_Exercise prompt_.
Could you please transcribe the data exactly, without the pictures?

_Given information_.
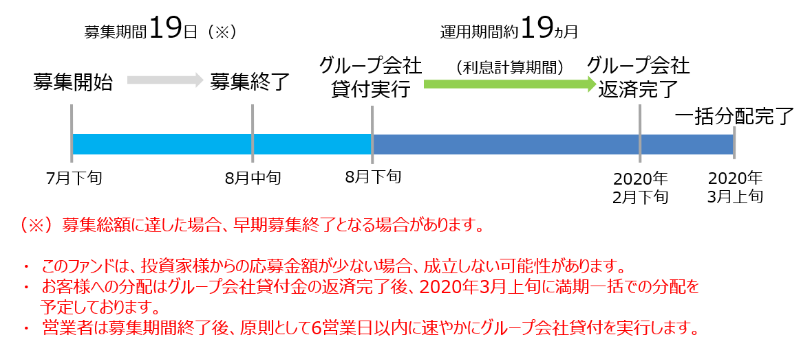 本ファンドはA社グループへの貸付金利が低下していく可能性がある中、約19か月に運用期間を延ばすことで好金利でなるべく長く運用できるよう組成されております。
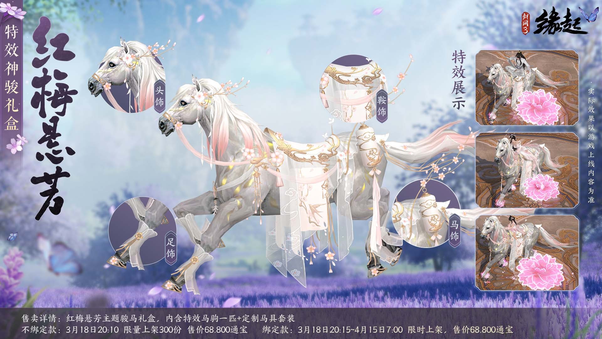 花开花落马蹄过,春色盎然醉人心。马蹄落处梅花隐隐浮现,幽香飘逸。奔马疾驰,梅花飘舞,蝶影婆娑,美丽绝伦。红梅悬芳主题骏马礼盒包含特效神驹一匹和同主题定制马具套装。
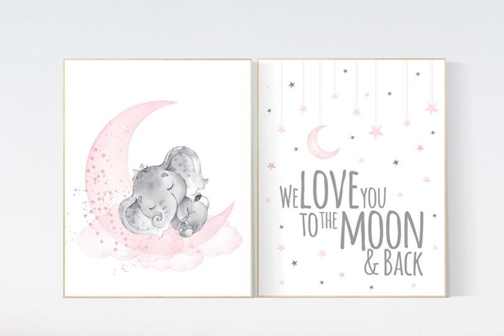 Nursery decor girl elephant, nursery wall art girl pink, we love you to the moon and back, moon print, baby room wall art, moon and stars
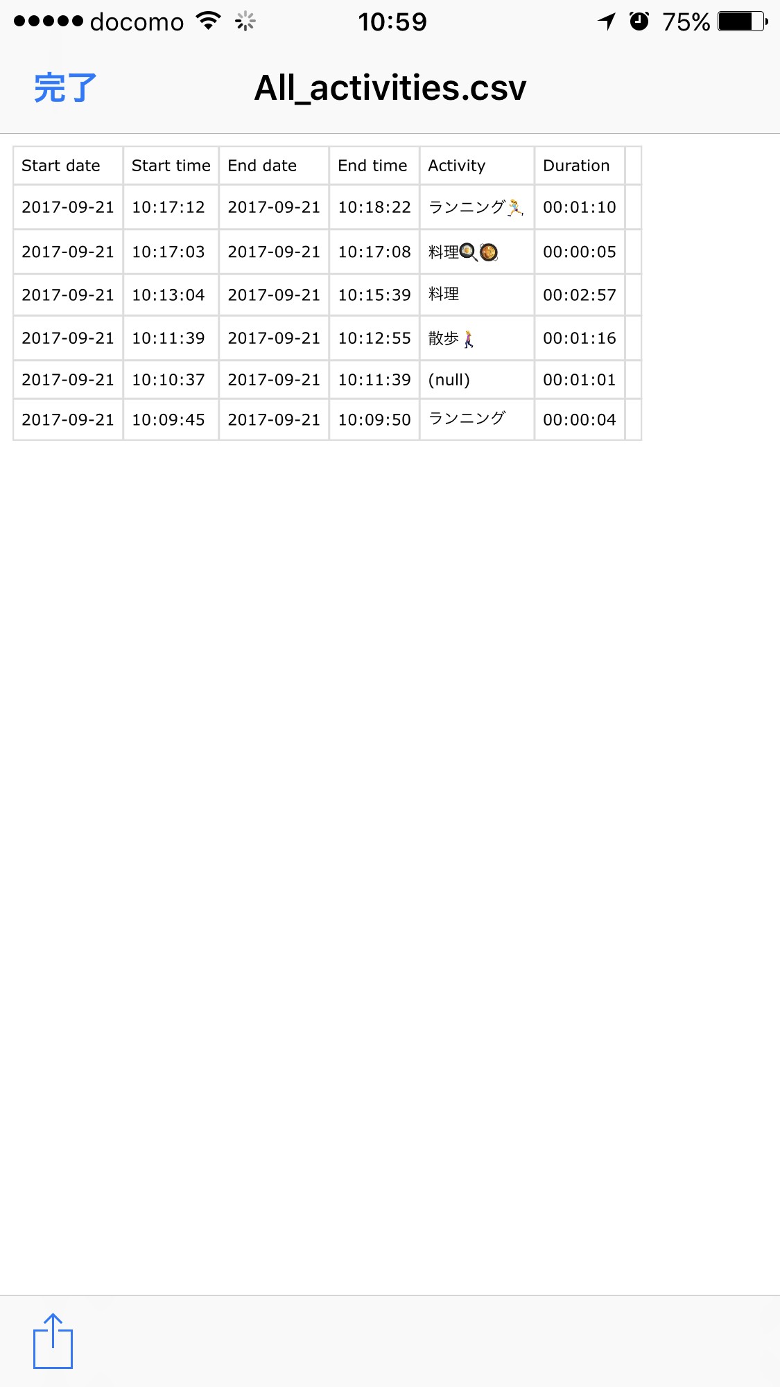 「歴史」ボタンをタップすると、画面右下に「輸出」ボタンがあります。これはエクスポートボタンになります。つまり、活動記録をメールに送ることができるようになっているんです。「日にち」「始まり・終わりの時間」「活動内容」「活動時間」を一覧表で表示してくれます。量が多くなってしまったらアプリ内での確認はしづらくなることも。エクスポートしておけば後からの確認も楽ですし、一覧表なのでわかりやすいです。印刷したい時にも楽ですね。 ※リセットボタン(明確な)を押すとすべてクリアになり今までの記録の確認はできません。残したい記録はエクスポートしておくことをおすすめします。

_Exercise result_.
 本ファンドはA社グループへの貸付金利が低下していく可能性がある中、約19か月に運用期間を延ばすことで好金利でなるべく長く運用できるよう組成されております。
 花开花落马蹄过,春色盎然醉人心。马蹄落处梅花隐隐浮现,幽香飘逸。奔马疾驰,梅花飘舞,蝶影婆娑,美丽绝伦。红梅悬芳主题骏马礼盒包含特效神驹一匹和同主题定制马具套装。
 Nursery decor girl elephant, nursery wall art girl pink, we love you to the moon and back, moon print, baby room wall art, moon and stars
 「歴史」ボタンをタップすると、画面右下に「輸出」ボタンがあります。これはエクスポートボタンになります。つまり、活動記録をメールに送ることができるようになっているんです。「日にち」「始まり・終わりの時間」「活動内容」「活動時間」を一覧表で表示してくれます。量が多くなってしまったらアプリ内での確認はしづらくなることも。エクスポートしておけば後からの確認も楽ですし、一覧表なのでわかりやすいです。印刷したい時にも楽ですね。 ※リセットボタン(明確な)を押すとすべてクリアになり今までの記録の確認はできません。残したい記録はエクスポートしておくことをおすすめします。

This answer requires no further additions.